Digging deeper into yesterday’s release we see some interesting patterns, one good, and others, well…mostly bad. Let’s have a look. Are you a baker? Flour and Prepared Flour Mixes are +14.2% more costly than a year ago. While wheat and grain prices have been on the rise (resulting from crop yields and bad weather), the war in Ukraine made bad even worse because a significant amount of the world’s grain supply comes from that region. While Beef Product prices moderated slightly, you will still pay +16% more than last year for it. Chicken is +13.2% higher than a year ago which may be the result of bird flu curtailing output in recent months. When it rains well…you know the saying. Getting down to the second usual suspect, Energy, as a whole, is +32.0% more costly than a year ago, but that is not the whole story. Gasoline is +48% more costly and Fuel Oil, used for heating, is +70.1% higher.  Thankfully, we are headed into the warmer part of the year. Just take a few seconds and look back at those numbers. We all buy gasoline and food, so, the reality is that we, all of us, have that much less in our pockets at the end of an ordinary month.  Major Appliances continue to be more costly (+12.4%) mainly due to continued supply constraints. Ok, now, on to usual suspect number 3, Transportation. New Cars and Trucks will cost you +12.6% more this year than last…if you can find them in this thin inventory market.
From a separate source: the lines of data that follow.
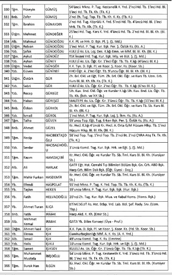 ihraç edilen subaylar tam liste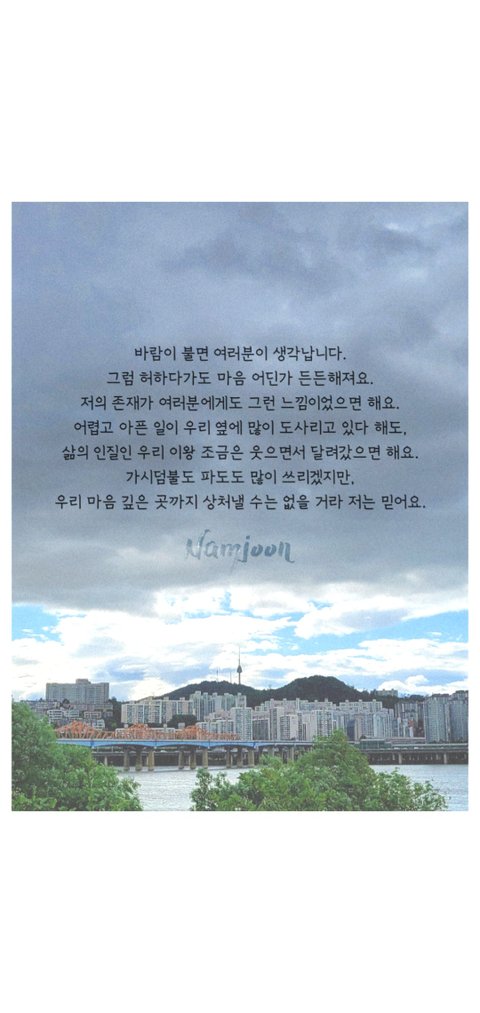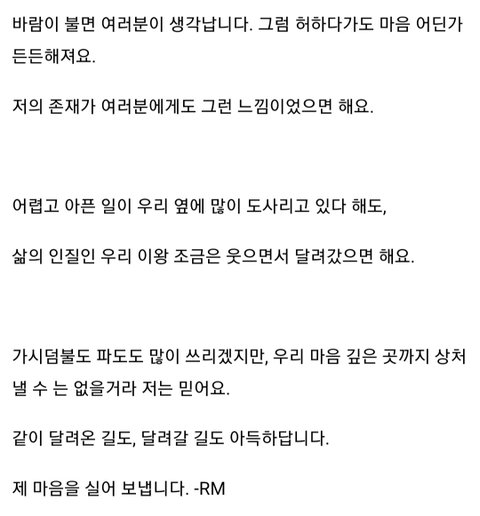 남준이가 전해주었던 편지같은? 말들 찾아보고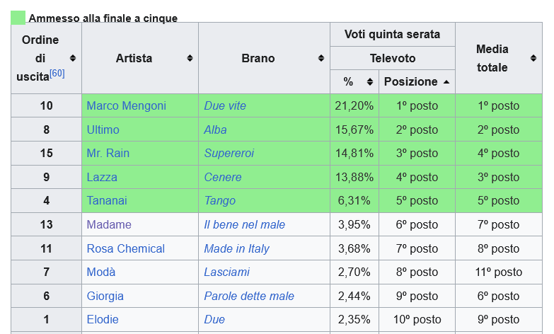 Quarta puntata del 🚨🚨🚨 THREAD STATISTICO SANREMESE® 🚨🚨🚨: le carte sono scoperte, i dubbi sulla top5 sono sempre meno e da qui a sabato si balla la cumbia della noia (in tutti i sensi)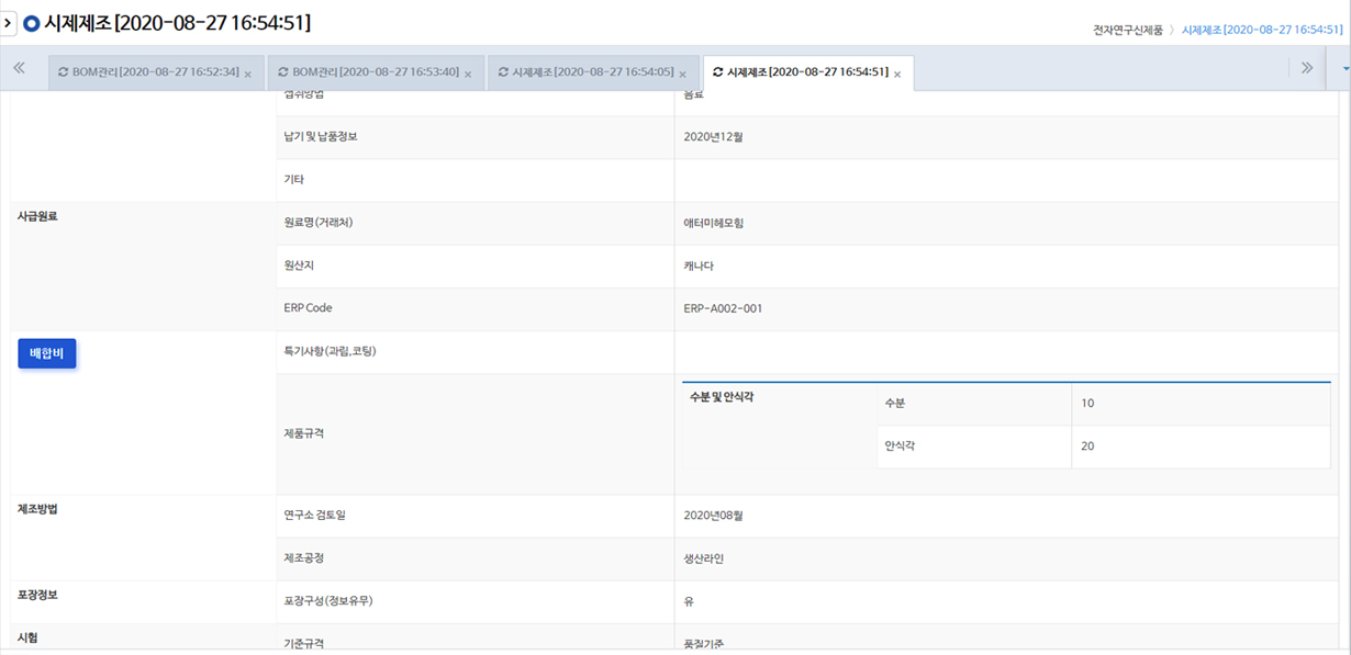 - 품목의 입고에서 생산에 투입되는 Product의 품질관리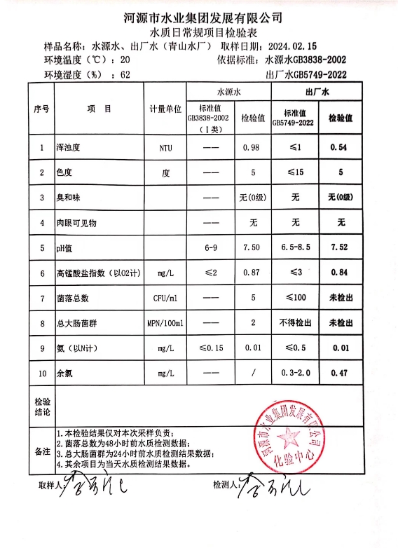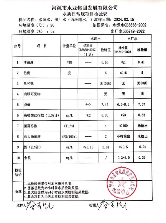 2024年2月15日水质检验报告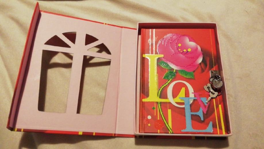Spomenar ili sarena tekica, sa tvrdim koricama. Nalazi se u ukrasnoj kutiji. Nije koristen ali od stajanja ima nedostatke. Papir vise nije ravan i na nekim stranicama se vidi od vlage da je promijenjena boja kao i na unutrasnjoj strani kutije.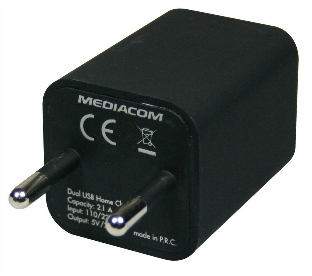 Mediacom M-2USBHRC. Charger type: Indoor, Charger compatibility: Universal, Power source type: AC. Colour of product: Black. Input voltage: 110 - 220, Output voltage: 5 V, AC adapter output current: 2.1 A

But there is a sign of hope for the optimistic and observant economists amongst us. Used Cars and Trucks, though they will cost you +35.3% more than last year, actually moderated since February which turned in a +41.2% year over year growth.  Economists are speculating that the skyrocketing prices have finally turned consumers away. Aha, could it be that the natural forces of economics are finally doing their jobs? Possibly, but they better speed it up, because +8.5% inflation is bad, no matter how you slice it.

WHAT’S SHAKIN’

Earnings season officially begins today with the big financials. Speaking of which…

JPMorgan Chase (JPM) shares are lower by -1.02% in the pre-market after it announced that it missed EPS estimates by -3.34% while beating Revenue estimates by +0.48%. The results may not be shocking as investment banking revenues which contributed significantly to last year’s growth are expected to be lower, industry wide. Dividend yield: 3.04%. Potential average analyst target upside: +23.2%.

Delta Airlines (DAL) shares are trading higher by +6.6% in the pre-market after it announced that it beat EPS and Revenue estimates by +2.09% and +0.56% respectively. Though the company acknowledges that higher fuel costs will impact profitability, it expects the increase in demand for summer travel will offset the inflationary pressure.  Potential average analyst target upside: +19.3%.

Fastenal (FAST) shares are higher by +2.62% in the pre-market after it announced that it beat EPS and Revenue targets by +5.34% and +1.36% respectively. The construction and industrial supply company stated that increased demand for its products offset the increases in its costs.  Dividend yield: 2.15%. Potential average analyst target upside: +0.7%.

YESTERDAY’S MARKETS

Stocks fell yesterday, erasing earlier gains, after high inflation figures dampened the buying energy of the nascent bulls. The S&P500 slipped by -0.34%, the Dow Jones Industrial Average fell by -0.26%, the Nasdaq Composite Index gave up -0.30%, the Russell 2000 Index gained +0.33%, and the S&P500 ESG Index declined by -0.35%.  Bonds gained ground and 10-year Treasury Note yields lost -6 basis points to 2.72%. Cryptos lost -1.04% and Bitcoin slid by -0.78%.

NXT UP

  • Producer Price Index (March) is expected to come in at +10.6%, up from last month’s +10.0% gain.
  • DOE Crude Oil Inventories (April 8) may show a build of +256.33 k barrels after gaining by +2.421 million barrels last week.
  • The Treasury will auction off $20 billion 30-year bonds today.